## [Task objective]
The entries follow. Copy every line in which "shirt" appears.

## [Entries supplied]
########################################
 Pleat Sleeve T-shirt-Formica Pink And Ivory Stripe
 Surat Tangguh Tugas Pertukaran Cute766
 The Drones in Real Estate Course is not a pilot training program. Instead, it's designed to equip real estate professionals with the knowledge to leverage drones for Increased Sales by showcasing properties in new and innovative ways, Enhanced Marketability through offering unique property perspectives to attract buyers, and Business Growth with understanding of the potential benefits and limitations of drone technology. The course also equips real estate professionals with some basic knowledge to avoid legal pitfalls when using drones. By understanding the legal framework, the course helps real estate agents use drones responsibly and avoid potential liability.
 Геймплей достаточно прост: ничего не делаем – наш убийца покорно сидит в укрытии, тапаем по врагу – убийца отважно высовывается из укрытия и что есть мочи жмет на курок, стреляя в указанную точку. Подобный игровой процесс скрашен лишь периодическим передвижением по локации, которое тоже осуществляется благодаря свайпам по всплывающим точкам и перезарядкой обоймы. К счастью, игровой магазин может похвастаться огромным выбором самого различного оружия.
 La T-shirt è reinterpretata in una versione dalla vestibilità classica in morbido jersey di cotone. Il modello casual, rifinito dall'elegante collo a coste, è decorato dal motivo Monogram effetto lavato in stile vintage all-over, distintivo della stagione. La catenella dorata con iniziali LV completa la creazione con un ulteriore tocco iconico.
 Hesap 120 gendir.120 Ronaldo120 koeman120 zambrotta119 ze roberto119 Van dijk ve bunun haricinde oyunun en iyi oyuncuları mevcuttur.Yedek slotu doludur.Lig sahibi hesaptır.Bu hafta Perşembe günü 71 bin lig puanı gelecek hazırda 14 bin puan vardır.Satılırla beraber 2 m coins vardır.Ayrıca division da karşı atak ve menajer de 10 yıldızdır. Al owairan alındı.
########################################
## [Task response]
 Pleat Sleeve T-shirt-Formica Pink And Ivory Stripe
 La T-shirt è reinterpretata in una versione dalla vestibilità classica in morbido jersey di cotone. Il modello casual, rifinito dall'elegante collo a coste, è decorato dal motivo Monogram effetto lavato in stile vintage all-over, distintivo della stagione. La catenella dorata con iniziali LV completa la creazione con un ulteriore tocco iconico.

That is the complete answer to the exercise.